LOL my baby sister-as the oldest of our trio, I admit you were "bullied" a bit more by us, you were youngest, we knew it made you mad, and you fit under that bean bag so well…lol (always Kristen's idea) but you did get older, stronger and you too handed it out. I remember, on the couch foot wrestling, pulling each other's hair, hitting each other with pillows; we were told to "leave each other alone" and "to get away from each other if we couldn't play nice." Flashbacks at all? lol I may have been raised elsewhere if not. Sometimes as kids we started off playing, goofing around and then one gets hurt, so they get that person back, etc.. lol but we came out okay and the bean bag left no marks-really that mark hardly shows now. Boys are rougher, never figured out why. I read this to Preston and he laughed because he did this with his brother.They still laugh about it. When they share their rough housing stories now, I have to admit they are funny,but I am glad us girls never got that rough. (Note to myself; NO beanie babies for my nephews as presents) Now I am off to find that bean bag I kept….love ya

That's just what boys do. It's all part of the master plan for the male species. Me tough. Me rough. Me show you. Bang Boom Bop, Bang again, done. We laugh. Let's eat. Burp. Fart. Laugh. Repeat……1 million times.

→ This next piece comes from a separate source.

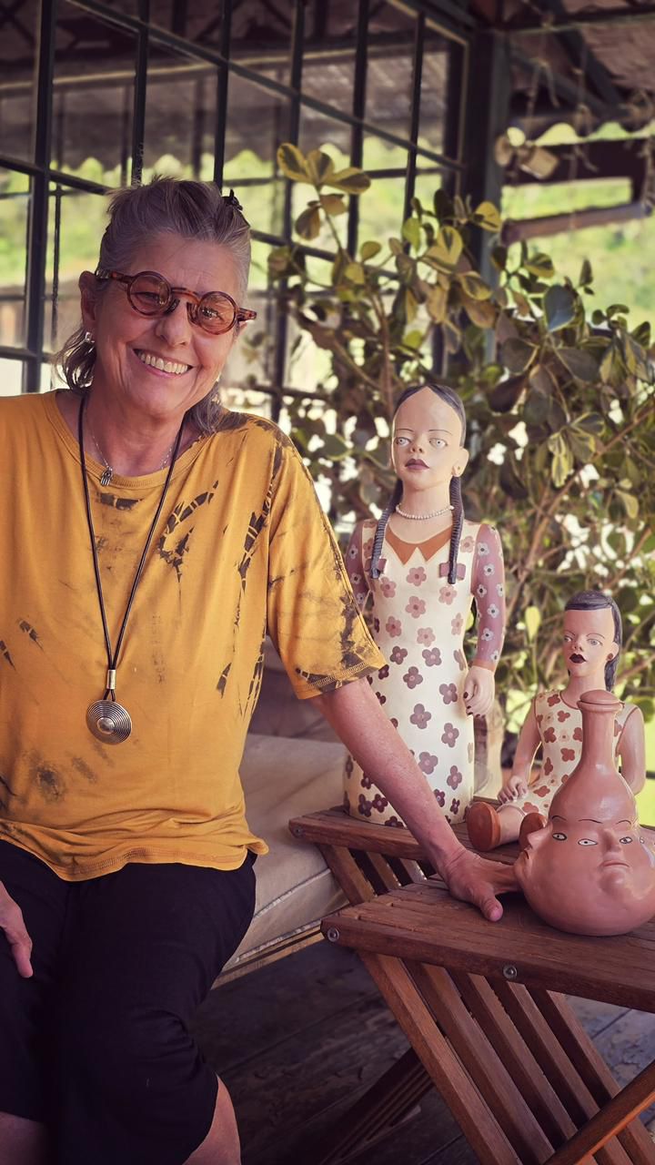 Moradora do Vale das Videiras, em Petrópolis, há 12 anos, Maria Sonia Pinho é carioca e iniciou sua carreira a partir de pesquisas sobre materiais e saberes tradicionais após uma temporada em Ouro Preto (MG). Vinda do universo da moda, passou a questionar seus valores e direcionou sua atuação para a arte popular e os fazeres tradicionais brasileiros. Ao longo dos anos, percorreu diferentes regiões do país em projetos ligados à arte popular, com destaque para o Vale do Jequitinhonha (MG) e Juazeiro do Norte (CE). Há mais de uma década vive no Vale das Videiras, onde desenvolve trabalhos relacionados à cultura e à relação com a natureza.

Fingers are crossed. My fear over not knowing exactly what they are going to do to each is increasing. I can't imagine the crazy things they are going to do to one another.

This week they are all about telling each other "just leave me alone!" I guess we just can't win. OH BROTHER!!

You are too funny. Did we come out okay? I get moments of rage where I want to cover random peoples faces with bean bags. Is that NORMAL?!? I'm working on my voodoo doll Krimmy, just you wait. I'll get you and Kristen back eventually!! ;o)

Ha.. i Iknew I had it.. found my bean bag.. awwwww .. it's so pretty still. Come here Kerri.. Let me show you something….lol.. and stop pricking the neck on the voo doo doll .. that already hurts!